Closed sivi299 closed 3 years ago
Hey, these are normalized coordinates. Please times the input image size to scale them back.
Thanks for the quick reply, I figured it out after having a detailed run of the code.
May I know which dataset you used to achieve the accuracy as per the sample video?
I used Helen dataset and the results are nowhere close to the accuracy achieved by your sample video
You're welcome!
Actually you can run the demo yourself with this repo: https://github.com/yinguobing/head-pose-estimation
Remember to checkout branch tf1
which contains the original model file I used for the gif. The latest branch master
had been updated to TensorFlow 2 and the new model was retrained and may not have similar performance as the old one.
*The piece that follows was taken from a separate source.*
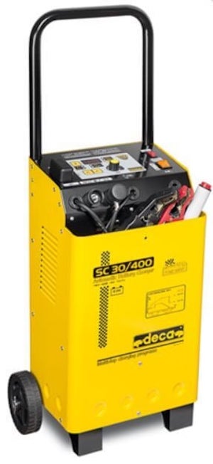 Tuotemerkki ja malli: Deca SC 30 / 400 Tuotetyyppi: Akkuvaraaja / apukäynnistin Liitäntäjännite: 230 V Liitäntäteho: 0,7 kW (lataus) / 7,8 kW (apukäynnistys) Akun jännite: 12 V / 24 V Keskimääräinen latausvirta: 20 A Suurin latausvirta: 30 A Käynnistysapu kuormittamattona: 400 A Käynnistysapu kuormitettuna (1 V): 230 A Suositus akkukapasiteetille: 5–400 Ah Akkutyypit: 12/24 V lyijyakut sekä AGM, GEL, Ca/Ca Mitat: 390 x 280 x 903 mm Paino: 20,6 kg

For the old model training I used a mixed dataset from 300-W, LFPW, HELEN, AFW, IBUG and 300-VW, totaling around 250k samples. That is far more than Helen. You can find out more details here: https://yinguobing.com/facial-landmark-localization-by-deep-learning-data-cleansing/
Still, I recommend using branch master
of this repo. The model is identical to the old one except the batch normalization layers.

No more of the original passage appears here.